Japanese-French led group to build Turkish nuclear plant
Turkey signed a deal with Russia in 2010 to build the country's first power plant at Akkuyu. A Japanese-French consortium has won a $22 billion dollar contract to build a nuclear power plant on Turkey's Black Sea coast, a senior energy ministry official told AFP on condition of anonymity.
"An inter-governmental agreement is expected to be signed between the prime ministers of both countries on Friday," the official told AFP on condition of anonymity.
In an interview published Thursday in Japan's Nikkei business daily, Turkish Prime Minister Recep Tayyip Erdogan, who is to host Japanese counterpart Shinzo Abe on Friday, said that Mitsubishi Heavy Industries and the French group Areva would lead the consortium chosen to build the nuclear plant.

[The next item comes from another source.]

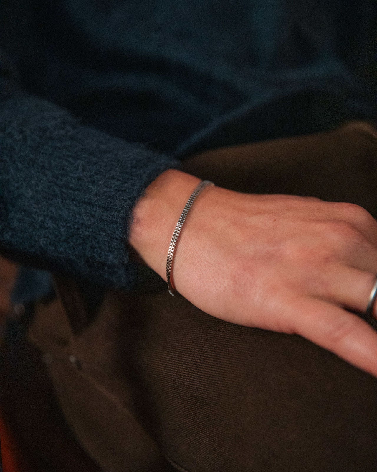 A double box chain bracelet that proves gentle is powerful. This fluid chain rests naturally, making it perfect for every day wear.

The Nikkei report said that Turkey had faith in the technological prowess of Japan's nuclear industry and believed it had learned from the tsunami-triggered nuclear disaster at Fukushima in 2011.
"Erdogan said Japan has experience and know-how in coping with earthquakes. He also said that Japan has learned from the Fukushima Daiichi disaster," the paper said. Like Japan, Turkey lies in an earthquake-prone region of the world.

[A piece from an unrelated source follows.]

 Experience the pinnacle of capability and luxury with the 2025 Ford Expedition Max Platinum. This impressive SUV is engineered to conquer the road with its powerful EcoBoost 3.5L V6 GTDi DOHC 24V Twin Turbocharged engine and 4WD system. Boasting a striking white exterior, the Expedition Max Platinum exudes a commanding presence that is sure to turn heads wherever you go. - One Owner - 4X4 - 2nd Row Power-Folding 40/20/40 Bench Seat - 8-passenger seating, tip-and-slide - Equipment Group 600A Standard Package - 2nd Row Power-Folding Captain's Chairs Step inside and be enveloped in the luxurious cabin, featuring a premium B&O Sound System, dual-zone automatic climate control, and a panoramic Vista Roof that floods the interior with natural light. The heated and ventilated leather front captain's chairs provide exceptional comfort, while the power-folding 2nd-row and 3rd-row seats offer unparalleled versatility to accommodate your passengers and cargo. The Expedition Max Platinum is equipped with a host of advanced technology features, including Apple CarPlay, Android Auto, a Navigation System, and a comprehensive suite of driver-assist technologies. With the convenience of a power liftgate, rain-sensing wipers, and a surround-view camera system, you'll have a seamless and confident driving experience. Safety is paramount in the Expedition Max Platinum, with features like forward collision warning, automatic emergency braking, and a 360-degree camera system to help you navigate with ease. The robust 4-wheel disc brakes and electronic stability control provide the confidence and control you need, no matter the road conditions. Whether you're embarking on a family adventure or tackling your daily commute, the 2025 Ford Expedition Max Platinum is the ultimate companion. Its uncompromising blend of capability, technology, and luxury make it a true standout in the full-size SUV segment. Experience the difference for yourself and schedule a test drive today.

The Sinop plant could lead to more nuclear reactor construction in Turkey for Japanese firms, the prime minister added.
"Turkey would welcome a Japanese bid on a proposed third plant and is working to select a site," Erdogan said according to an English-language version of the report.
"The country wants to have as many reactors as possible in operation by 2023," he added.
The Sinop plant will comprise four reactors with combined output of 4,800 megawatts, according to the unnamed energy ministry official, who did not say when the generator was expected to be completed.
Japanese, Chinese, South Korean and Canadian nuclear power groups had competed for the project, and the deal marks Japan's first successful public-private bid for an overseas nuclear plant project since the nuclear disaster in Fukushima.
Turkey, which relies heavily on gas and oil imports from Russia and Iran, wants to build a total of three nuclear power plants to reduce its dependence on foreign energy supplies.
In 2010, Ankara struck a deal with Russia to build the country's first power plant at Akkuyu, in southern Turkey.